Мать начинала проводить дни и ночи в своем сарае для переосмысления в дальней части сада, а мы с Ингрид оставались в доме одни. В первую ночь Ингрид затаскивала свое постельное белье в мою комнату, и мы лежали валетом без сна из-за звука металлических инструментов, падающих на бетонный пол, и долетающей из открытого окна скулящей, диссонирующей фолк-музыки, под которую работала наша мать. Днем она спала на коричневом диване, который попросила нас с Ингрид для этого принести. И несмотря на неизменную табличку на двери с надписью «ДЕВОЧКИ: прежде чем стучать, спросите себя – что, начался пожар?», перед школой я заходила и собирала грязные тарелки, кружки и все чаще и чаще – пустые бутылки, чтобы Ингрид их не видела. Долгое время я думала, что моя мама не просыпается потому, что я очень тихо себя веду.
Не помню, боялись ли мы, думали ли мы, что на этот раз все по-настоящему, что наш отец не вернется, что мы естественным образом усвоим такие фразы, как «бойфренд моей мамы» и «я оставила это у своего отца», бросаясь ими так же легко, как наши одноклассники, которые утверждали, что любят отмечать по два Рождества. Ни одна из нас не признавалась, что волнуется. Мы просто ждали. Когда мы повзрослели, мы стали называть такие периоды Изгнаниями.
В конце концов мать отправляла одну из нас в отель, чтобы забрать отца, потому что, по ее словам, все это было чертовски нелепо, хотя Изгнания происходили неизменно по ее инициативе. Когда мой отец возвращался, она целовала его, прижав к раковине, а мы с сестрой с ужасом наблюдали, как ее рука пробирается вверх по его спине под рубашкой. Впоследствии обо всем этом не вспоминали кроме как в шутку. И потом устраивали вечеринку.

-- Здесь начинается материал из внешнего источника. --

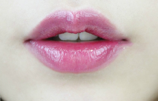 第二步:叠加同色或透明的唇蜜,只想有光泽感的只涂在上下唇部中央,丰唇的玻璃唇效果就涂满即可。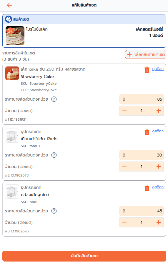 2. แก้ไขข้อมูลสินค้าในเซต ตามต้องการและกด บันทึกสินค้าเซต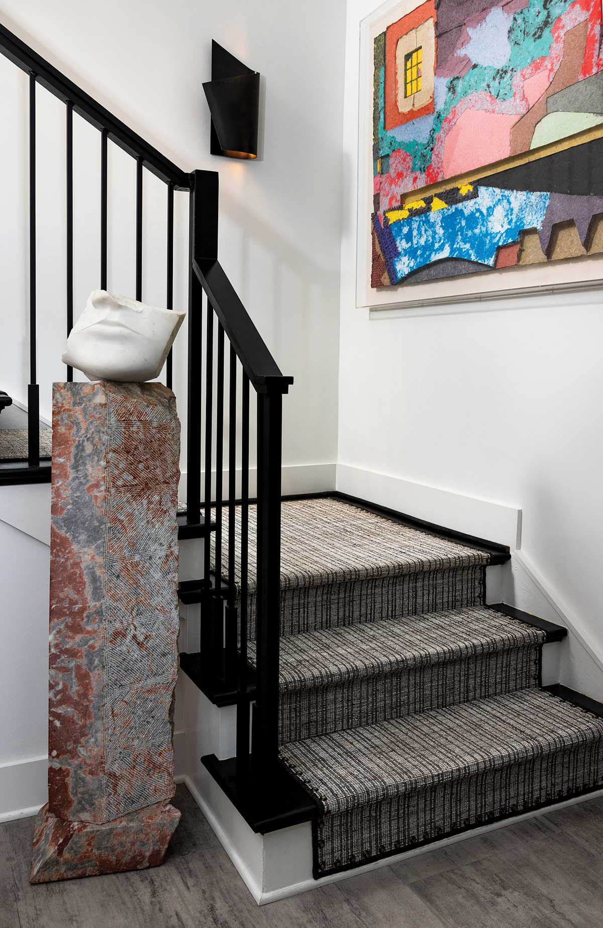 MacNeill added a nailhead trim to the Eatmans Carpet runner on the stairwell (top right). “I love the brass tack, it feels old-timey and European,” says the homeowner. For the primary bath (top left), MacNeill designed a vanity with a built-in makeup counter. They laid two different tiles to create the pattern on the floor. “We liked repeating the idea of the rectangles and squares from the wallpaper in the bedroom,” he says. The black cabinetry and steel on the shower door further draw out the pattern. An antique secretary in the guest room shows a collection of shells and other treasures.

У всех джемперов Патрика дырки на локтях, даже у не очень старых. Одна сторона его воротника всегда завернута, а другая – нет, и, несмотря на то что он постоянно его заправляет, край рубашки сзади всегда торчит наружу. Через три дня после стрижки ему требуется стрижка. У него самые красивые руки из всех, что я когда-либо видела.
Не считая постоянных изгнаний нашего отца, вечеринки были главным вкладом матери в нашу семейную жизнь, и именно из-за них мы с такой готовностью прощали ее недостатки, сравнивая с матерями других ребят, которых знали. Вечеринки переполняли дом, гремели с вечера пятницы до утра воскресенья и были полны людей, которых мать описывала как культурную элиту Западного Лондона, хотя, кажется, единственными требованиями для приглашения на вечеринку были смутные связи с искусством, терпимость к запаху марихуаны и/или владение музыкальным инструментом.
Даже когда наступала зима, все окна были открыты, а в доме стояла жара, духота и витал сладковатый дым. Нас с Ингрид не прогоняли и не заставляли идти спать. Всю ночь мы ходили по комнатам, проталкиваясь сквозь толпы людей – мужчин в высоких сапогах или комбинезонах с женскими украшениями и женщин в мартенсах и в юбках поверх грязных джинсов. Мы не имели какой-то цели, мы просто хотели быть как можно ближе к ним.
Если они велели нам подойти и поболтать с ними, мы старались блеснуть. Некоторые относились к нам как ко взрослым, другие смеялись над нами, когда мы не пытались быть смешными. Если им нужна была пепельница или очередной напиток, когда они хотели узнать, где хранятся сковородки, потому что им захотелось пожарить яичницу в три часа ночи, мы с Ингрид боролись друг с другом за такие поручения.
В конце концов мы с сестрой засыпали, ни разу – в собственных кроватях, но всегда вместе, и просыпались среди беспорядка и фресок, спонтанно нарисованных на кусках стены, которые так и не окрасились в цвет рассвета в Умбрии. Последняя из них все еще держится на стене ванной, выцветшая, но не настолько, чтобы, стоя в душе, ты мог избежать изучения укороченной в угоду перспективе левой руки обнаженной женщины по центру. Впервые увидев ее, мы с Ингрид испугались, что это наша мать, нарисованная с натуры.